“We Lost a Decade”: Florida Repubs Start to whisper “Climate Change”..

October 16, 2019

I’m damn proud my 2014 video includes the clip from Dr. Jim White, who reveals that Florida state employees were not allowed to use the words “climate change” – about 4 months before the mainstream press looked into it.

With their heads so far into the Fox News universe, Republicans have been incapable of  acknowledging the rising seas, even as they lap around their ankles.  Agonizingly slowly, that’s changing.

Cowardly, ignorant bastards.

Miami Herald:

For the first time in a decade, a Florida Senate committee scheduled a meeting Monday to discuss the impact of climate change on the peninsula state.

What did senators learn?

“We lost a decade,’’ said Sen. Tom Lee, the Thonotosassa Republican who chairs the Committee on Infrastructure and Security.

He began the 90-minute hearing with three words that have not come from the lips of a Republican state senator in years: “Sea level rise.”

“There hasn’t been a lot of conversation about this. I understand that, and I understand why,’’ he continued, leaving unsaid that the words “climate change” were banned from the lexicon for much of the eight-year tenure of former Gov. Rick Scott, and the state’s response to it was not considered a priority.

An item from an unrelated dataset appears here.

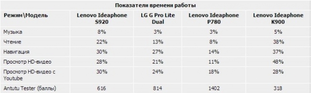 Автономну роботу смартфона Lenovo IdeaPhone S920 забезпечує знімна літієво-іонна акумуляторна батарея ємністю 2250 мАг. У синтетичному тесті продуктивності акумулятора Antutu Tester смартфон набрав 616 балів. Результати тесту підтверджують середній рівень автономності. Якщо використовувати смартфон виключно для дзвінків і відправки повідомлень, то без підзарядки він зможе пропрацювати до трьох днів. Якщо помірно використовувати всі мультимедійні можливості пристрою, то модель IdeaPhone S920 зможе автономно пропрацювати одну добу. З огляду на те, що смартфон має дисплей з діагоналлю 5,3 дюйма і не використовує жодного програмного забезпечення, оптимизирующего енергоспоживання, то його автономність можна вважати досить високою.

But Lee, who served in the Senate for the last six years of Scott’s term, said he believes there has been “a paradigm shift” with Republican Gov. Ron DeSantis — who followed the lead of local governments in Florida and appointed a “chief resilience officer” to start talking about the effects of global warming on the state.

The new landscape comes with new political realities, Lee said. “There’s a younger generation of conservatives in this state that aren’t as much in denial.”

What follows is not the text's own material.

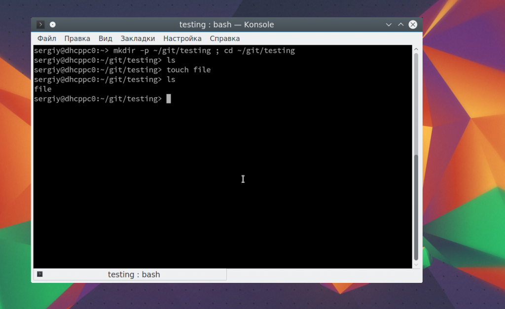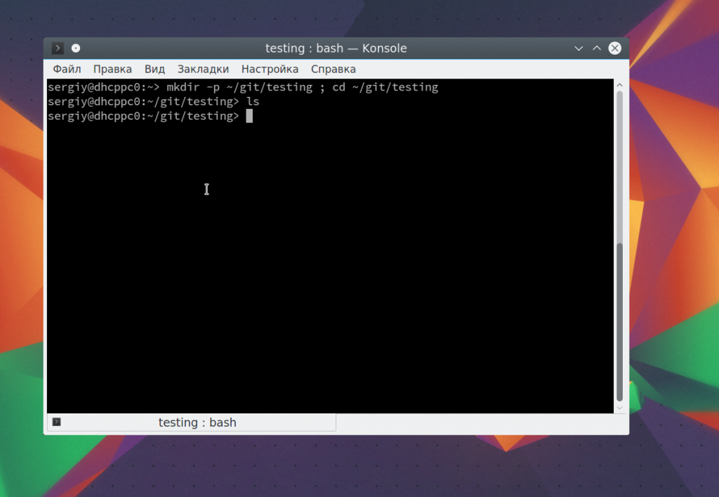 Когда настройка git завершена перейдем к вашему проекту. В самом начале вам достаточно создать папку для файлов проекта. Если вы собираетесь работать над несколькими проектами, создайте папку git в вашем домашнем каталоге, а уже туда поместите папки ваших проектов:

“The world is changing and so is the leadership in state government,’’ he said. But he stopped short of saying the Republican governor and the GOP leadership of the House and Senate, as well as the development, utility and insurance industries that finance them, will support the “paradigm shift.”

Just as Scott set the tone for little climate talk in Florida, President Donald Trump has derided climate change, avoids uttering the phrase, and has directed his top officials to reject the science. Will the Florida Legislature be willing to talk about climate change, let alone address the issue with legislation?

“It’s a little too early to predict this,’’ Lee said. “I think reality is going to set in and, if it doesn’t, it’s going to hit us right in the face.”

According to a Pew Research Center analysis, nearly 60% of Republicans between the ages of 23 and 38 say that climate change is having an effect on the United States, and 36% believe humans are the cause. Republicans over age 52 agree with those statements at half the rate.

The committee heard from Florida experts on sea level rise, infrastructure resiliency, transportation and how South Florida governments have worked together despite the state’s intransigence.

“We have detected that sea level rise is accelerating” faster than what they had predicted in the past,’’ said Gary Mitchum, professor of marine science at the University of South Florida. By 2050, the oceans will be two feet higher along Florida’s shores.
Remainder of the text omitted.